Carrizal seedeater

Scientific classification
- Kingdom: Animalia
- Phylum: Chordata
- Class: Aves
- Order: Passeriformes
- Family: Cardinalidae
- Genus: Amaurospiza
- Species: A. carrizalensis
- Binomial name: Amaurospiza carrizalensis Lentino & Restall, 2003

= Carrizal seedeater =

- Genus: Amaurospiza
- Species: carrizalensis
- Authority: Lentino & Restall, 2003

Species of bird

The Carrizal seedeater (Amaurospiza carrizalensis) is a species of bird in the family Cardinalidae, the cardinals or cardinal grosbeaks. It is endemic to Venezuela.

==Taxonomy and systematics==

The Carrizal seedeater was described based on three specimens collected in 2001. The researchers who determined that it was a new species, Miguel Lentino and Robin L. Restall, named it Carrizal blue seedeater, but the "blue" was dropped by taxonomic organizations to avoid conflict with what was then the blue seedeater (Amaurospiza concolor).

==Description==

The Carrizal seedeater is 12 cm long and weighs 12 to 14 g. The male is a glossy dark slaty blue that is darker on the face and underparts. The female's upperparts are warm brown and the underparts yellow-buff, darker on the flanks.

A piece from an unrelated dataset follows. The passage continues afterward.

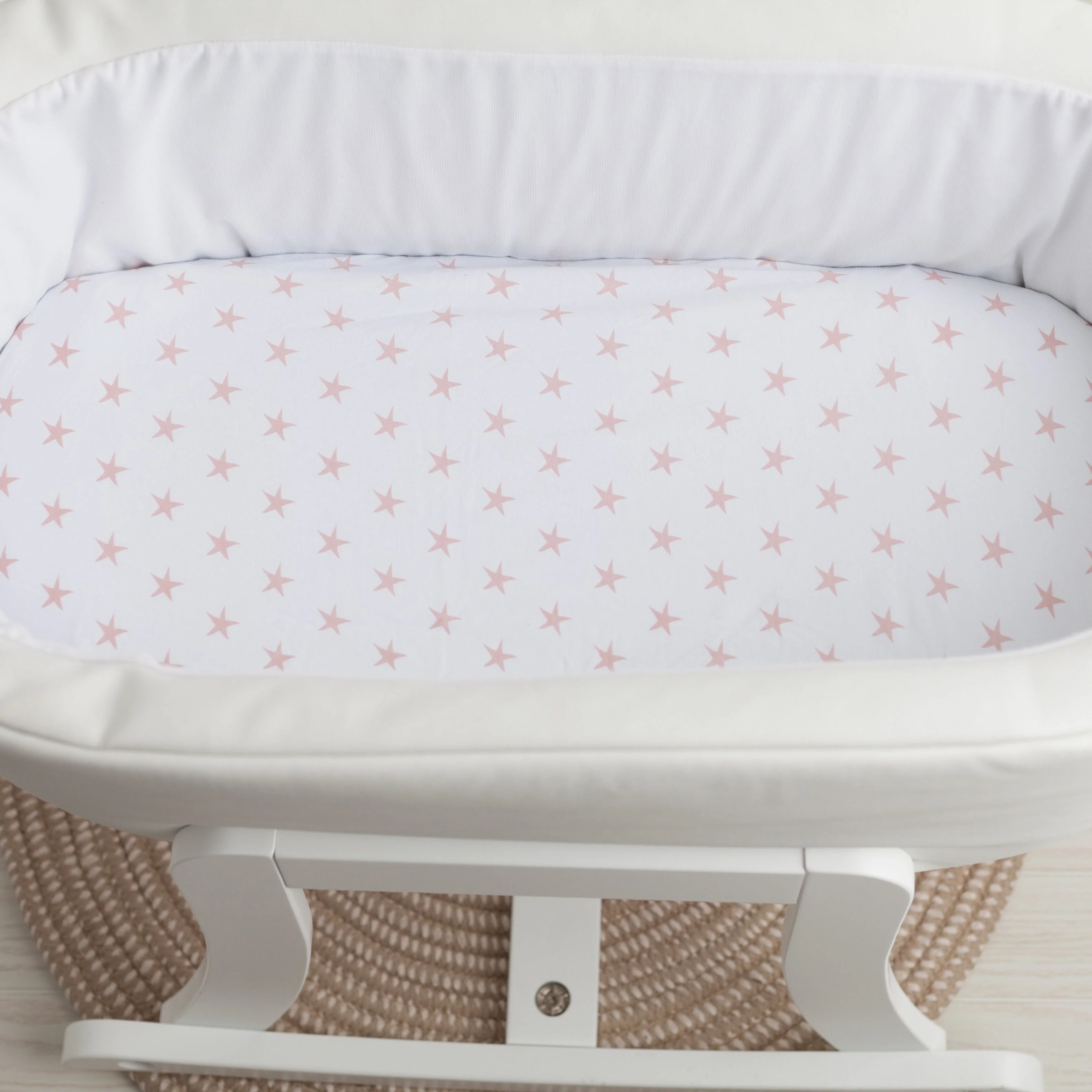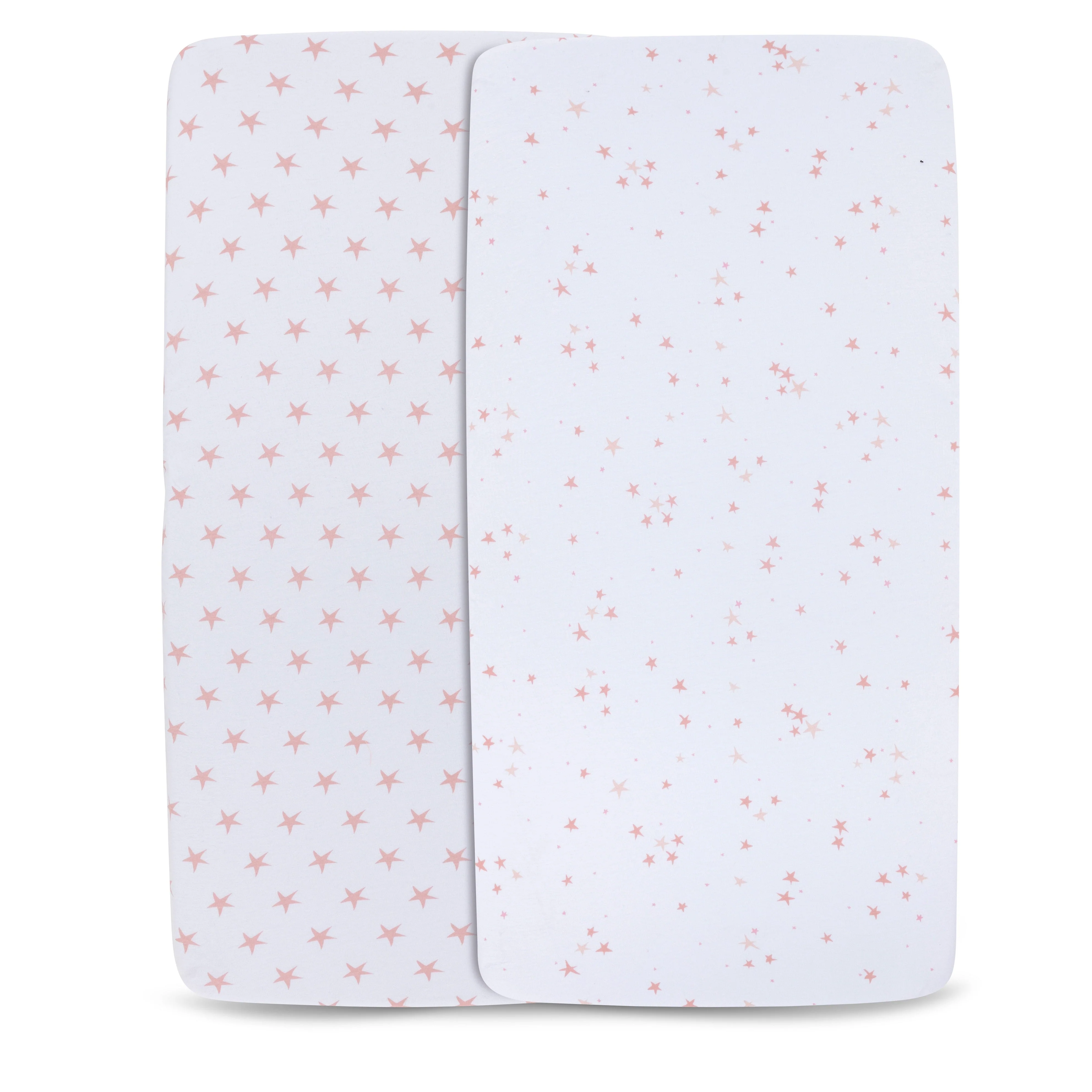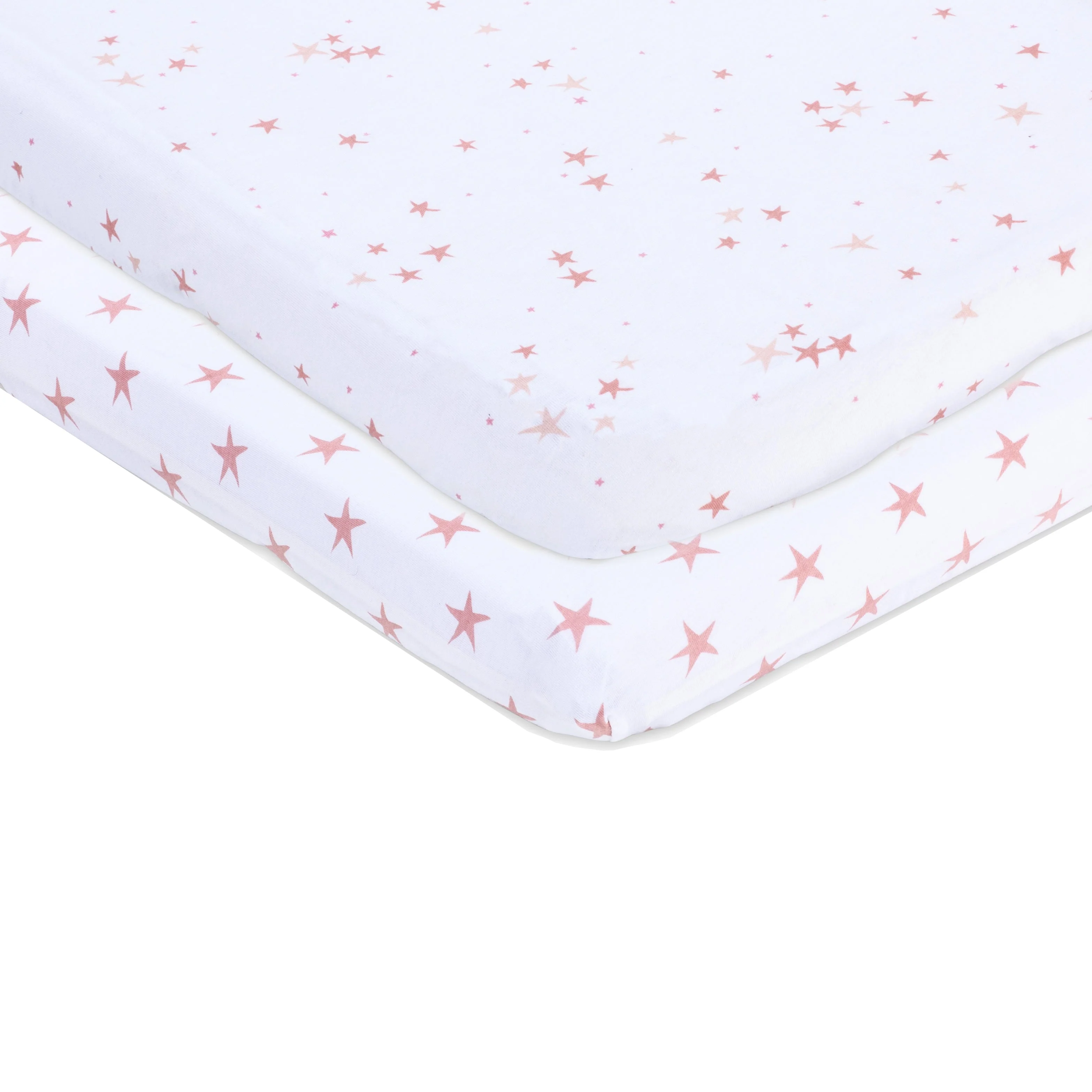 - Flexible-Fit Bassinet Sheet 2-Pack for Baby Girl in Mauve Pink Stars – Bundled in our charmingly cute and compact packaging, this set makes for the perfect baby shower gift!

==Distribution and habitat==

The specimens of Carrizal seedeater were collected on Isla Carrizal in the Caroni River of northern Venezuela. Construction of the Tocoma Dam, which began in 2006, flooded the island. The species has since been found elsewhere in the Caroni River watershed. It is known only from stands of spiny Guadua and Ripidocladus species of bamboo in deciduous forest.

==Behavior==
===Feeding===

The crops of the Carrizal seedeater specimens contained beetles and vegetable matter.

===Breeding===

No information has been published about the Carrizal seedeater's breeding phenology.

===Vocalization===

The Carrizal seedeater's song is "a pleasant whistled warble, 'sweet sweet pit-swee pit-swoo'" .

==Status==

The IUCN has not assessed the Carrizal seedeater. However, researchers consider it Critically Endangered. It is known from fewer than 20 locations across a very small area. "Effective protection of potentially suitable habitat is considered essential if this species is to survive in the future."